American composer and arranger (1911–1999)

Frank Denny De Vol (September 20, 1911 – October 27, 1999), sometimes credited mononymously as De Vol, was an American composer, bandleader, arranger, and actor. As a film composer, he was nominated for five Academy Awards (four for Best Score and one for Best Original Song), among other accolades.

==Early life==
De Vol was born in Moundsville in Marshall County in northern West Virginia, and was reared in Canton, Ohio. His father, Herman Frank De Vol, was band leader of the Grand Opera House in Canton, Ohio, and his mother, Minnie Emma Humphreys De Vol, had worked in a sewing shop. He attended Miami University.

De Vol began composing music when he was 12. When he was 14, he became a member of the Musicians' Union. After playing violin in his father's orchestra and appearances in a Chinese restaurant, he joined the Horace Heidt Orchestra in the 1930s, being responsible for the arrangements. Later, he toured with the Alvino Rey Orchestra, before embarking on his recording career.

== Career ==

=== Arrangements ===
By the time De Vol was 16, "he was doing arrangements with professional skill." From the 1940s, De Vol wrote arrangements for the studio recordings of many top singers, including Nat King Cole, Ella Fitzgerald, Sarah Vaughan, Tony Bennett, Dinah Shore, Doris Day, Vic Damone and Jaye P. Morgan. His single most famous arrangement is probably the haunting string and piano accompaniment to Cole's "Nature Boy", which was a United States Number One in 1948. That same year, he released a version of "The Teddy Bears' Picnic" (Capitol Records 15420), that he arranged and sang lead vocals on.
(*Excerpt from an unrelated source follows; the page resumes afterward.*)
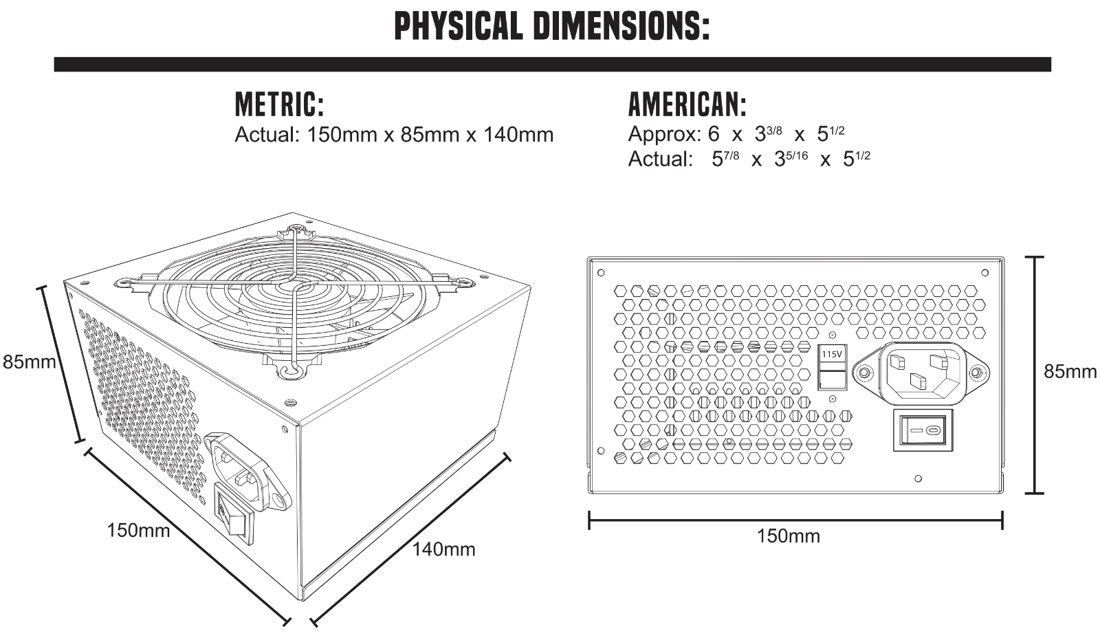 Actual: 150mm x 85mm x 140mm
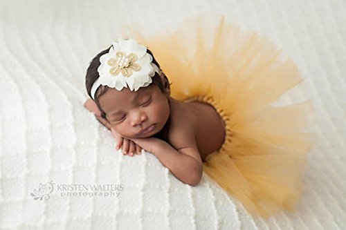 Amazon Com Gold Ivory Pearl Crown Headband Tutu Set

In 1966–1967, he arranged the soundtrack for the 1967 Columbia Pictures comedy film The Happening (starring Anthony Quinn) and co-produced The Supremes recording of the theme from the film (with Motown producers Holland–Dozier–Holland) which became a #1 American pop hit later that year.

=== Mood music ===
The success of "Nature Boy", recorded for Capitol Records, led to an executive position for De Vol at the rival Columbia Records. There, he recorded a series of orchestral mood music albums under the studio name "Music by De Vol" (which he also used for some of his film and TV work). The 1959 album Bacchanal! (The Passions and Pageantry of Gods and Goddesses of Mythology) is an acclaimed example of De Vol's mood music; each track is by English composer Albert Harris and is named after a god or goddess of Greek mythology. His 1962 album reached No. 102 in the US.

=== Concert appearances ===
In the 1950s, De Vol's orchestra played frequently at the Hollywood Palladium under the concert name "Music of the Century".

=== Radio ===
De Vol's orchestra and arrangements were available to radio stations via electrical transcriptions. His work was syndicated by Capitol Transcriptions, for which he also was musical director.

=== Hollywood ===
De Vol wrote the scores for many Hollywood movies, receiving Academy Award nominations for four of them: Pillow Talk (1959), Hush...Hush, Sweet Charlotte (1964), Cat Ballou (1965) and Guess Who's Coming to Dinner (1967).

De Vol's numerous scores included Kiss Me Deadly (1955), What Ever Happened to Baby Jane? (1962), McLintock! (1963), The Flight of the Phoenix (1965), The Glass Bottom Boat (1966), The Dirty Dozen (1967), Hustle (1975), Herbie Goes to Monte Carlo (1977) and Herbie Goes Bananas (1980). He also scored many Doris Day comedies and films for director Robert Aldrich.

De Vol also composed the jingle for the Screen Gems' "Dancing Sticks" logo (1963–1965), which appeared on all television series produced by the television division of Columbia Pictures.

=== Television work ===
De Vol was musical director (and occasionally seen) on Edgar Bergen's CBS Television prime-time game show Do You Trust Your Wife? (1956-1957). "Frank De Vol's orchestra" was featured on the NBC Television prime-time musical variety series The Lux Show Starring Rosemary Clooney (1957-1958). During this time, he appeared on The Betty White Show (1954) and Rod Cameron's syndicated State Trooper. In 1964 he was seen in an episode during the first season of, My Favorite Martian and several guest spots on different television shows throughout the 1960s. In the 1970s, he appeared as the ironically named dour bandleader Happy Kyne on the talk show satire/parody Fernwood 2 Night (1977) and America 2-Night (1978).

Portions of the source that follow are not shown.